Il manoscritto originale dello Statuto del 1338 fu sottratto come bottino di guerra nel 1511 dalle truppe imperiali[6] di Massimiliano I a Pieve di Cadore durante la guerra cambraica. Fu portato dapprima a Dobbiaco e successivamente a Trento. Oggidì viene conservato al Tiroler Landesarchiv, l'archivio della Luogotenenza di Innsbruck. Tentarono i cadorini, a più riprese, di riottenerlo ma invano. Una copia anastatica dell'originale è presente presso la Magnifica Comunità di Cadore quale «dono[7]» ricevuto dal Tirolo nel 2004.
Origini
[modifica | modifica wikitesto]La storia degli Statuti cadorini origina con ogni probabilità nel 1235 con lo Statuto dato al Cadore da Biaquino III da Camino.
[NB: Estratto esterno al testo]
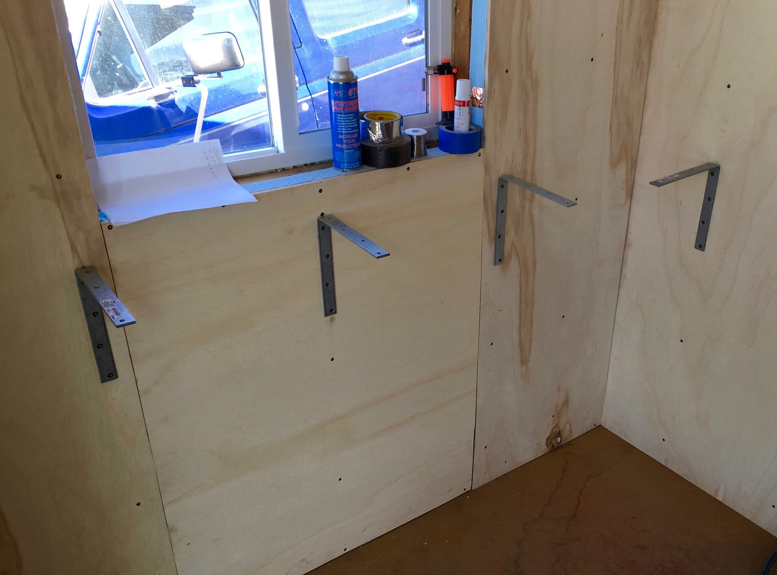 The positioning of these, if you notice from the screws in the plywood walls, is such that they’re anchored into the studs. I see no downsides and significant upsides in terms of anchor strength, so into the studs they go.
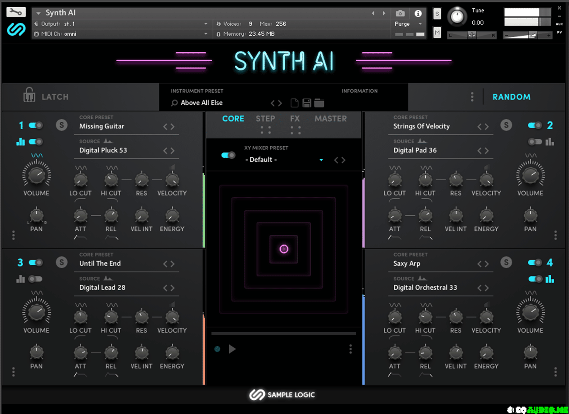 - Quad-core audio engine with Step & FX Animators, LFOs and XY Core Mixer
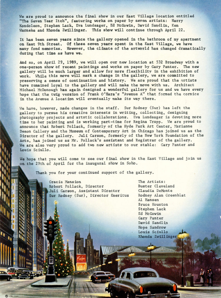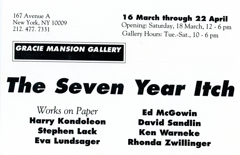 Gracie Mansion Gallery, The Seven Year Itch, Final Show at East Village Location, Stephen Lack, Rhonda Zwillinger, Press Release and Card, 1989
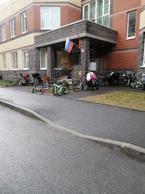 У дома 16 корпус 1 повернуть налево, следовать вдоль дома до забора детского сада.
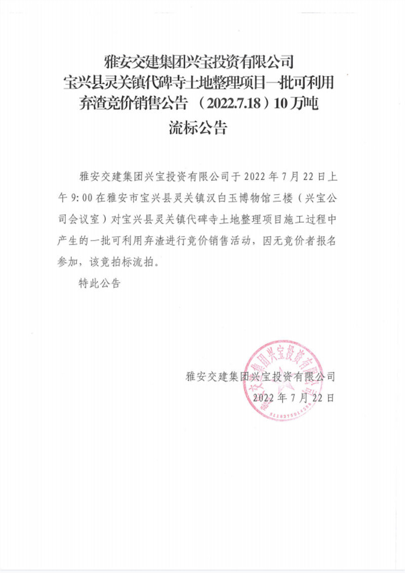 兴宝公司流标公告7.18(5万吨)
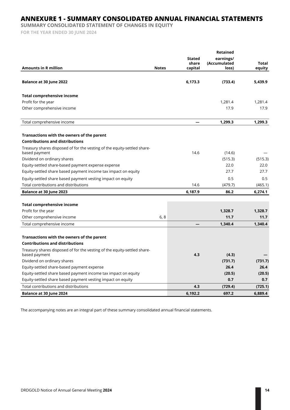 Retained Amounts in R million Notes Stated share capital earnings/ (Accumulated loss) Total equity Balance at 30 June 2022 6,173.3 (733.4) 5,439.9 Total comprehensive income Profit for the year 1,281.4 1,281.4 Other comprehensive income 17.9 17.9 Total comprehensive income — 1,299.3 1,299.3 Transactions with the owners of the parent Contributions and distributions Treasury shares disposed of for the vesting of the equity-settled share- based payment 14.6 (14.6) — Dividend on ordinary shares (515.3) (515.3) Equity-settled share-based payment expense expense 22.0 22.0 Equity-settled share based payment income tax impact on equity 27.7 27.7 Equity-settled share based payment vesting impact on equity 0.5 0.5 Total contributions and distributions 14.6 (479.7) (465.1) Balance at 30 June 2023 6,187.9 86.2 6,274.1 Total comprehensive income Profit for the year 1,328.7 1,328.7 Other comprehensive income 6, 8 11.7 11.7 Total comprehensive income — 1,340.4 1,340.4 Transactions with the owners of the parent Contributions and distributions Treasury shares disposed of for the vesting of the equity-settled share- based payment 4.3 (4.3) — Dividend on ordinary shares (731.7) (731.7) Equity-settled share-based payment expense 26.4 26.4 Equity-settled share based payment income tax impact on equity (20.5) (20.5) Equity-settled share based payment vesting impact on equity 0.7 0.7 Total contributions and distributions 4.3 (729.4) (725.1) Balance at 30 June 2024 6,192.2 697.2 6,889.4 The accompanying notes are an integral part of these summary consolidated annual financial statements. ANNEXURE 1 - SUMMARY CONSOLIDATED ANNUAL FINANCIAL STATEMENTS SUMMARY CONSOLIDATED STATEMENT OF CHANGES IN EQUITY FOR THE YEAR ENDED 30 JUNE 2024 DRDGOLD Notice of Annual General Meeting 2024 14

Quest'ordinamento che porta il nome di «Statuta de Cadubrio per illos da Camino», fu scritto a Pieve di Cadore dal notaio Wacellus[8] alla presenza di dodici rappresentanti, nove dei quali erano cadorini[9] e fu pubblicato il 5 novembre 1235. Questo documento, che comprende cinquantuno articoli, ha una vera e propria forma statutaria, è scritto in un latino cancelleresco (latinus grossus) con la costante immistione di voci cadorine tutte le volte che il notaio ha dovuto definire il nome degli oggetti comunemente usati nei vari lavori oppure nella descrizione di particolari consuetudini.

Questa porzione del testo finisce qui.